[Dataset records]
════════════════

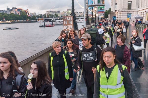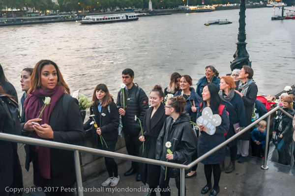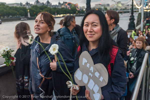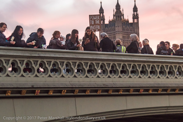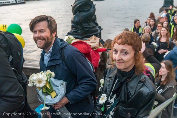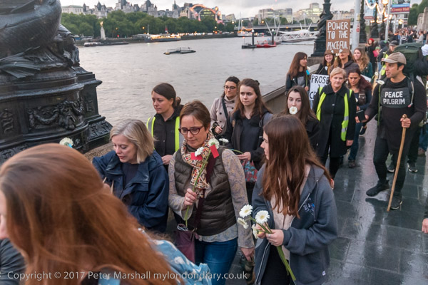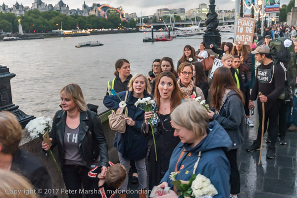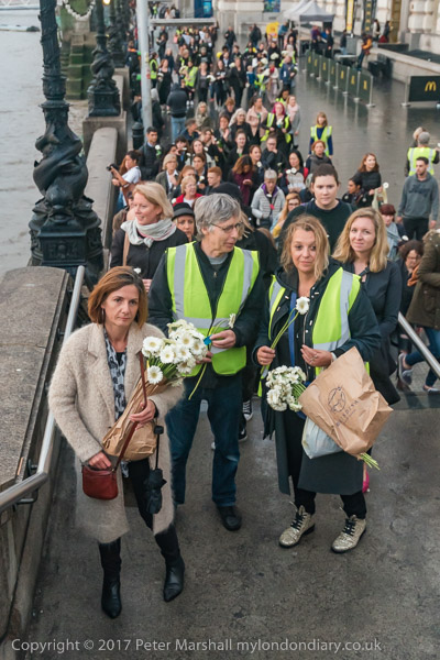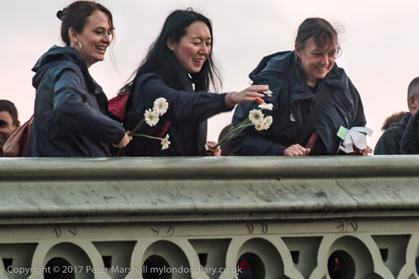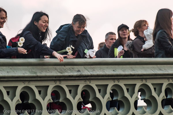 Marchers lined up along the bridge and some threw their flowers into
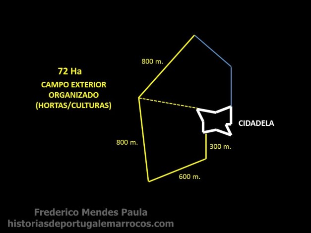 “Sou informado que, de alguns anos a esta parte, junto aos muros da Vila de Mazagão, e no contorno dela, assim dentro dos revelins, como fora deles, se fizeram e plantaram muitas quintas e hortas, cercadas de valados e paredes altas e taipa e de pedra e barro, e pedra e cal; dentro das quais quintas e hortas, os mouros, quando correm àquela fortaleza, se recolhem e amparam, ficando seguros, para se avizinharem mais ao muro. Mandava o Rei, pelos seus oficiais, que se derrubassem todas as hortas e quintas, para que se deixassem os revelins cumprir a sua missão de defesa.” (FARINHA, 1970, p. 50-51)
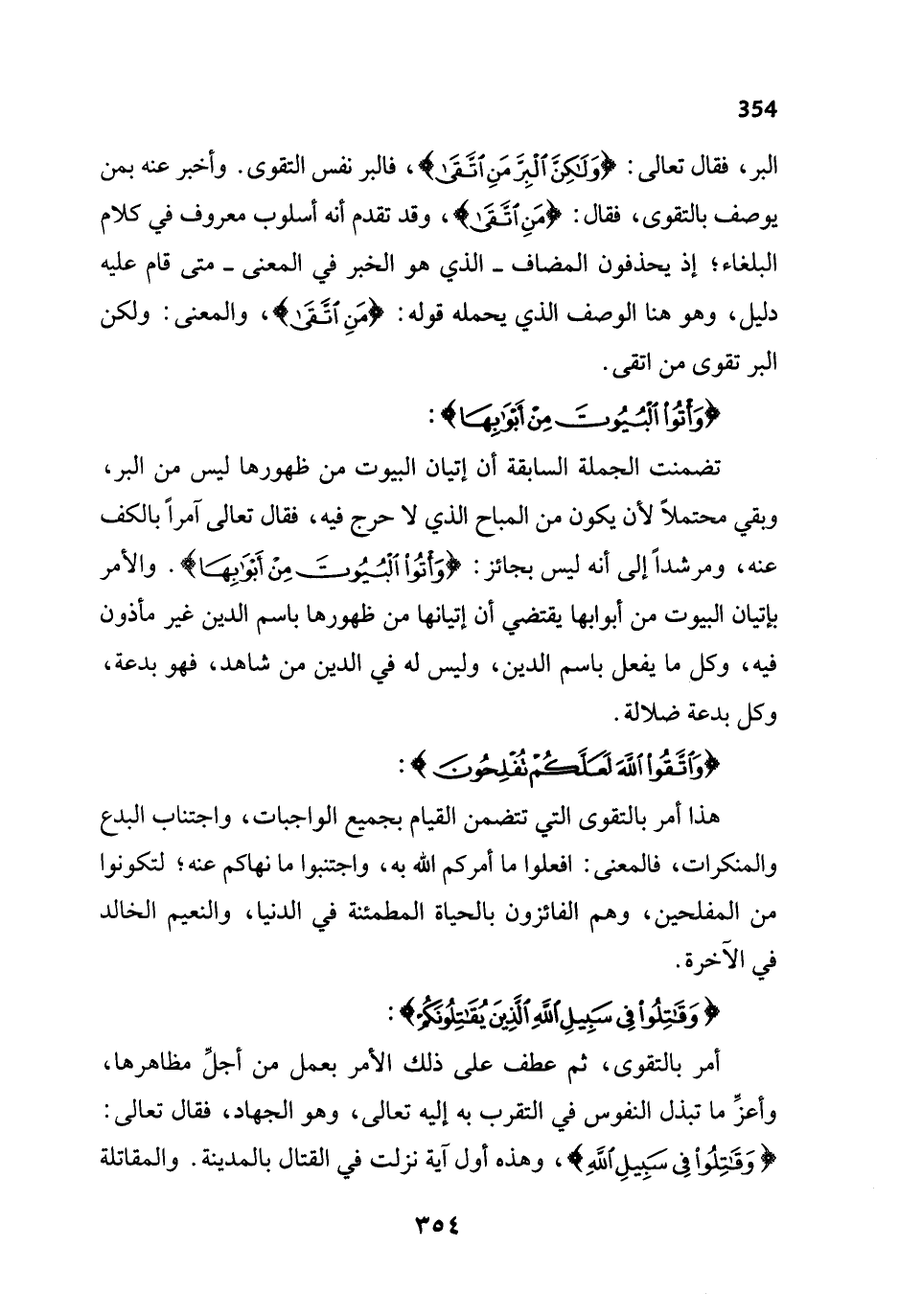 تضمنت الجملة السابقة أن إتيان البيوت من ظهورها ليس من البر، وبقي محتملاً لأن يكون من المباح الذي لا حرج فيه، فقال تعالى آمراً بالكف عنه، ومرشداً إلى أنه ليس بجائز: {وَأْتُوا الْبُيُوتَ مِنْ أَبْوَابِهَا}. والأمر بإتيان البيوت من أبوابها يقتضي أن إتيانها من ظهورها باسم الدين غير مأذون فيه، وكل ما يفعل باسم الدين، وليس له في الدين من شاهد، فهو بدعة، وكل بدعة ضلالة.
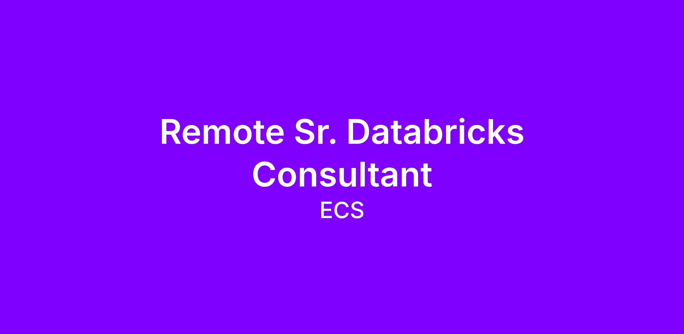 ECS is seeking a Sr. Databricks Consultant to work remotely. Please Note: This position is contingent upon additional funding.
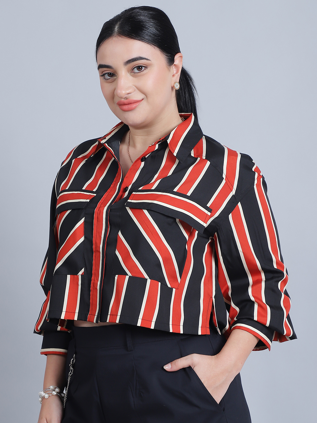 BaawRi shirt features a collared neckline, full sleeves, and a front open button design for closure. The shirt is adorned with a stripe print pattern. It has a short, straight hemline and two pockets in the front for added functionality and style.
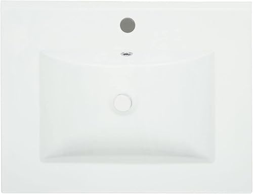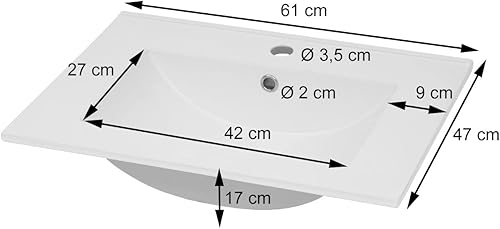 Mendler Waschbecken HWC-D16, Waschtisch Handwaschbecken Badezimmer Bad, Keramik eckig weiß - 61cm 18mm Kante
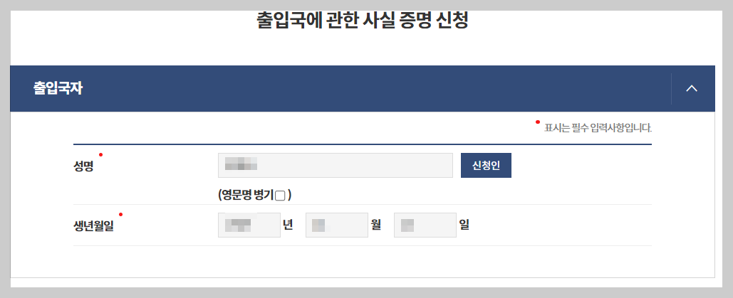 2. 신청서 작성 : 만약 오프라인 방문 발급을 진행할 경우 출입국 사실 증명 신청서를 작성, 신청서내 본인의 성명, 주민번호, 발급 목적, 출입국 이력등의 정보들을 기입합니다.
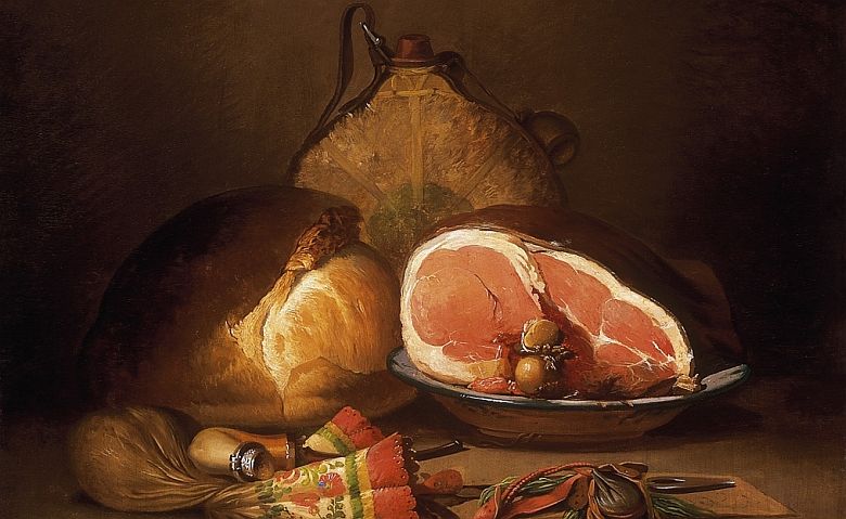 A festőket is megihleti a sonka, ahogy Újházy Ferencet, aki 1870-ben festette meg Asztali csendélet sonkával című festményét.
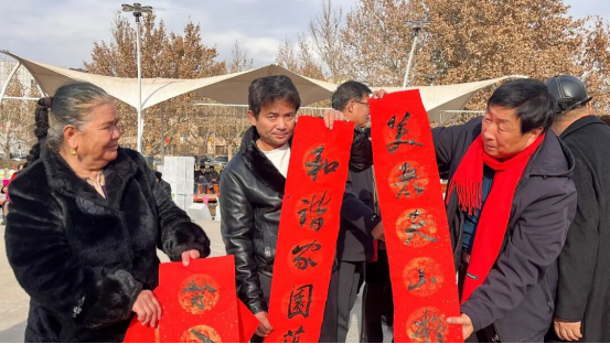 新春将至,年味渐浓。在疏附县2026年“庆元旦 迎新春”“喀什有礼 礼在疏附”之“翰墨迎新春·丹青颂华章”艺术展持续升温之际,1月16日,县委宣传部联合县文联、县新时代文明实践中心在县艺术馆前开展“万福迎春”送春联活动,为各族群众免费送上手写春联与新春祝福,让墨香与丹青相映,让祝福与年味同行。
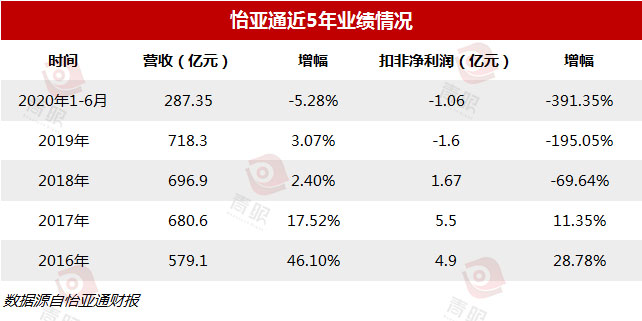 2017年是怡亞通成立的第20個(gè)年頭,這一年公司營(yíng)收達(dá)680.6億元,延續(xù)了上一年的增長(zhǎng)勢(shì)頭,此時(shí)的扣非凈利潤(rùn)也比較穩(wěn)健,同比增長(zhǎng)11.35%。然而,2018年至今,公司業(yè)績(jī)可謂是每況愈下,2019年和今年上半年扣非凈利潤(rùn)均為負(fù)值。這一業(yè)績(jī)逆轉(zhuǎn)與上述日化業(yè)務(wù)、380分銷平臺(tái)業(yè)務(wù)收入的變化恰好吻合。
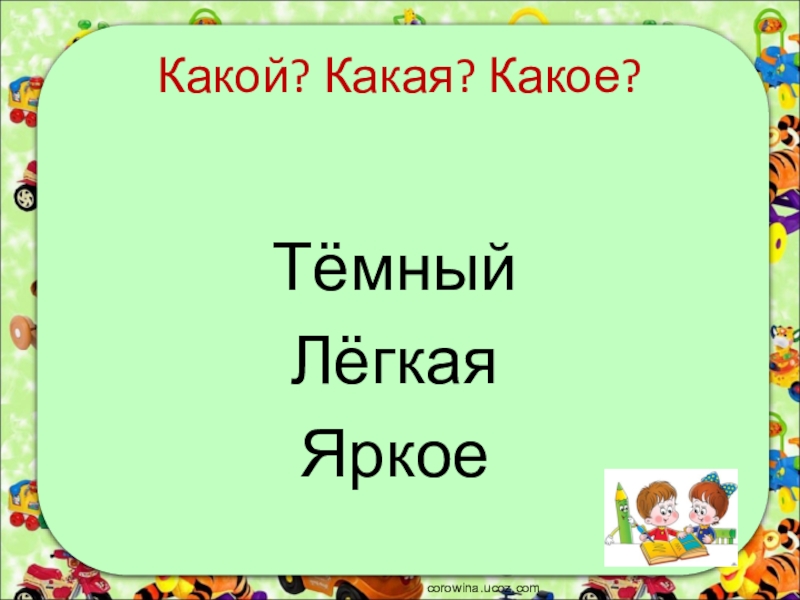Какой? Какая? Какое?ТёмныйЛёгкаяЯркоеcorowina.ucoz.com
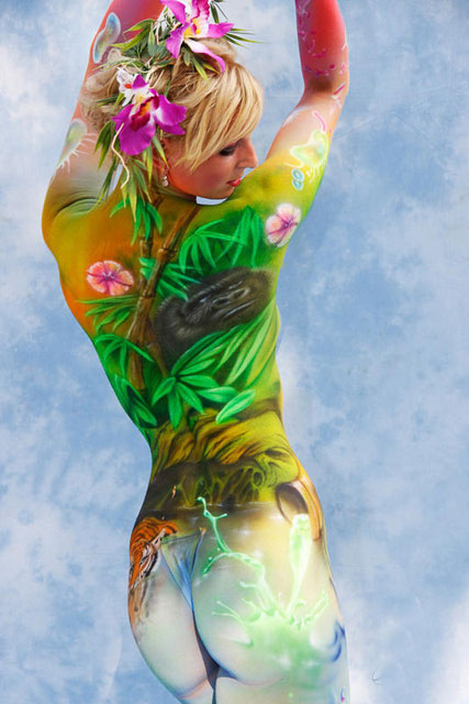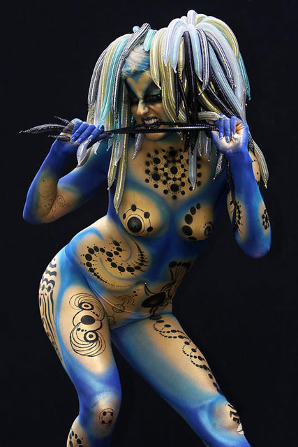 Tuval yerine çıplak modellerin vucutlarını kullanan boyama ustaları saatlerce süren çalışmalarından sonra eserlerini görüntülediler...

════════════════

Instructions to follow:
Return the entries above exactly and in full; do not include images.

Finished exercise:
 Marchers lined up along the bridge and some threw their flowers into
 “Sou informado que, de alguns anos a esta parte, junto aos muros da Vila de Mazagão, e no contorno dela, assim dentro dos revelins, como fora deles, se fizeram e plantaram muitas quintas e hortas, cercadas de valados e paredes altas e taipa e de pedra e barro, e pedra e cal; dentro das quais quintas e hortas, os mouros, quando correm àquela fortaleza, se recolhem e amparam, ficando seguros, para se avizinharem mais ao muro. Mandava o Rei, pelos seus oficiais, que se derrubassem todas as hortas e quintas, para que se deixassem os revelins cumprir a sua missão de defesa.” (FARINHA, 1970, p. 50-51)
 تضمنت الجملة السابقة أن إتيان البيوت من ظهورها ليس من البر، وبقي محتملاً لأن يكون من المباح الذي لا حرج فيه، فقال تعالى آمراً بالكف عنه، ومرشداً إلى أنه ليس بجائز: {وَأْتُوا الْبُيُوتَ مِنْ أَبْوَابِهَا}. والأمر بإتيان البيوت من أبوابها يقتضي أن إتيانها من ظهورها باسم الدين غير مأذون فيه، وكل ما يفعل باسم الدين، وليس له في الدين من شاهد، فهو بدعة، وكل بدعة ضلالة.
 ECS is seeking a Sr. Databricks Consultant to work remotely. Please Note: This position is contingent upon additional funding.
 BaawRi shirt features a collared neckline, full sleeves, and a front open button design for closure. The shirt is adorned with a stripe print pattern. It has a short, straight hemline and two pockets in the front for added functionality and style.
 Mendler Waschbecken HWC-D16, Waschtisch Handwaschbecken Badezimmer Bad, Keramik eckig weiß - 61cm 18mm Kante
 2. 신청서 작성 : 만약 오프라인 방문 발급을 진행할 경우 출입국 사실 증명 신청서를 작성, 신청서내 본인의 성명, 주민번호, 발급 목적, 출입국 이력등의 정보들을 기입합니다.
 A festőket is megihleti a sonka, ahogy Újházy Ferencet, aki 1870-ben festette meg Asztali csendélet sonkával című festményét.
 新春将至,年味渐浓。在疏附县2026年“庆元旦 迎新春”“喀什有礼 礼在疏附”之“翰墨迎新春·丹青颂华章”艺术展持续升温之际,1月16日,县委宣传部联合县文联、县新时代文明实践中心在县艺术馆前开展“万福迎春”送春联活动,为各族群众免费送上手写春联与新春祝福,让墨香与丹青相映,让祝福与年味同行。
 2017年是怡亞通成立的第20個(gè)年頭,這一年公司營(yíng)收達(dá)680.6億元,延續(xù)了上一年的增長(zhǎng)勢(shì)頭,此時(shí)的扣非凈利潤(rùn)也比較穩(wěn)健,同比增長(zhǎng)11.35%。然而,2018年至今,公司業(yè)績(jī)可謂是每況愈下,2019年和今年上半年扣非凈利潤(rùn)均為負(fù)值。這一業(yè)績(jī)逆轉(zhuǎn)與上述日化業(yè)務(wù)、380分銷平臺(tái)業(yè)務(wù)收入的變化恰好吻合。
Какой? Какая? Какое?ТёмныйЛёгкаяЯркоеcorowina.ucoz.com
 Tuval yerine çıplak modellerin vucutlarını kullanan boyama ustaları saatlerce süren çalışmalarından sonra eserlerini görüntülediler...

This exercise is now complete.